» To do: Only the lines from the one holding "Système De Panneaux" to the end of the data should be echoed, exactly as they appear, minus the pictures.

» Material provided:
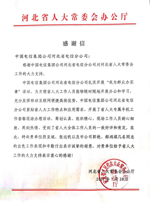 正是将诚实守信、依法经营作为各项工作的基本行为准则,秉着这样的理念,多次获得河北省人大常委会办公厅、省人民政府参事室等政府部门感谢信。我们将一直致力于诚信工作,以实际行动为公司发展注入更多正能量。
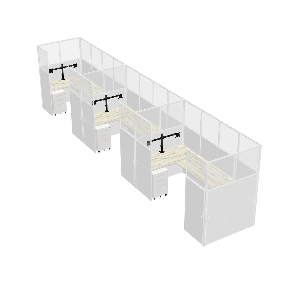 Système De Panneaux En U Heinne Holz Pour 3 Personnes + Bras D'écran (bras Doubles) + Tiroirs Mobiles En Métal Pour 3 Utilisateur(s)
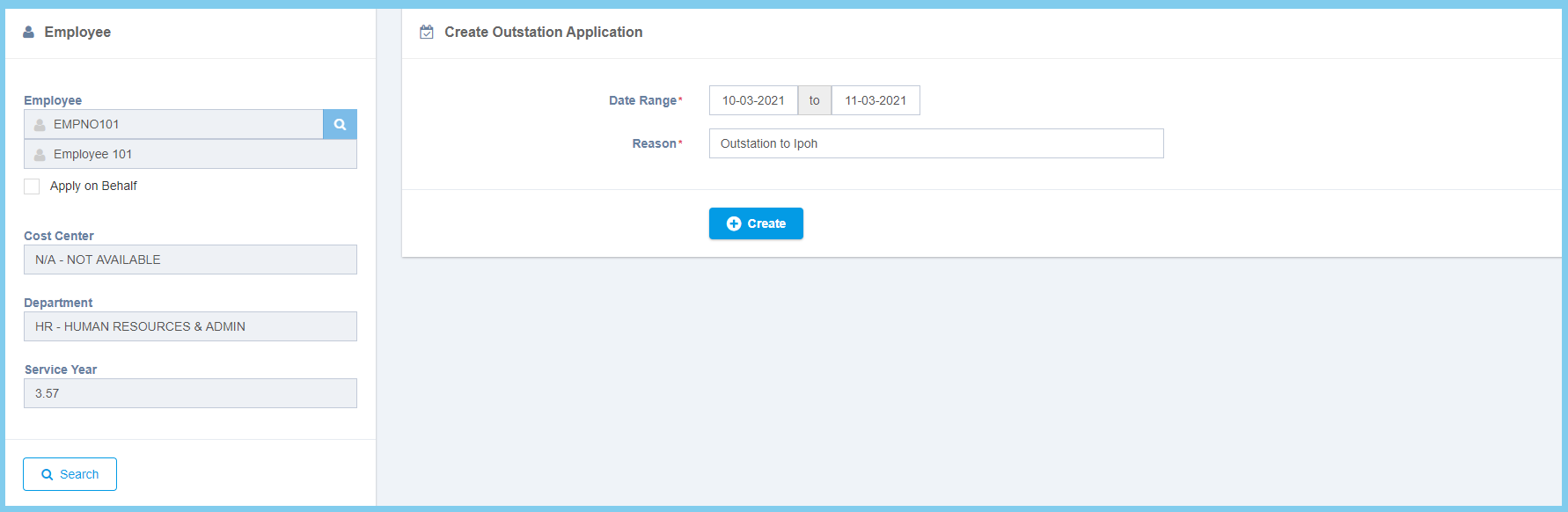| Reason | Any alphanumeric | Enter any reason for why to apply outstation. |
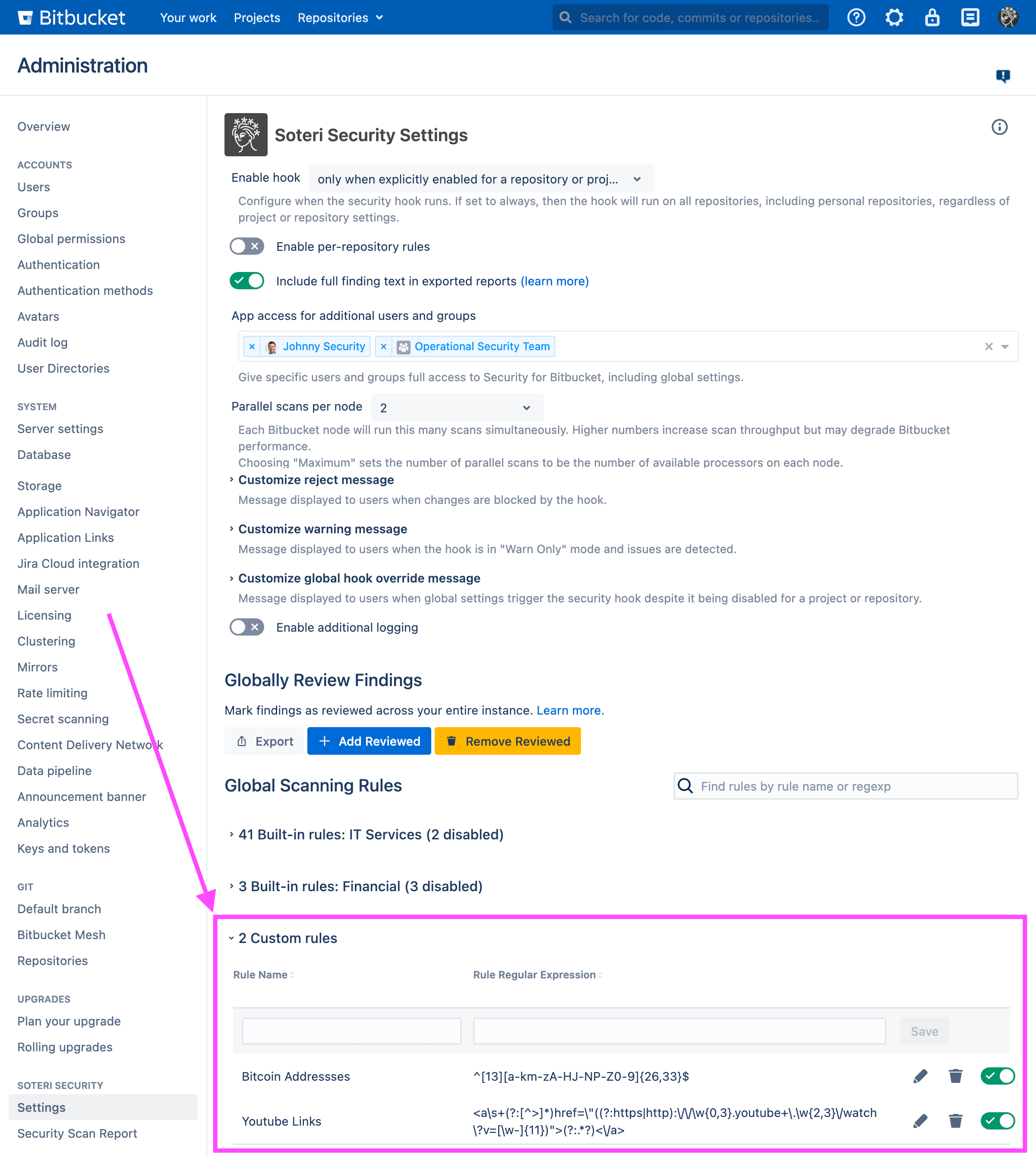 Security for Bitbucket allows for creation of custom scanning rules using regular expressions. The rules can only be created, enabled, or disabled by Bitbucket Administrators or anyone that's been granted explicit access.

» The answer:
 Système De Panneaux En U Heinne Holz Pour 3 Personnes + Bras D'écran (bras Doubles) + Tiroirs Mobiles En Métal Pour 3 Utilisateur(s)
| Reason | Any alphanumeric | Enter any reason for why to apply outstation. |
 Security for Bitbucket allows for creation of custom scanning rules using regular expressions. The rules can only be created, enabled, or disabled by Bitbucket Administrators or anyone that's been granted explicit access.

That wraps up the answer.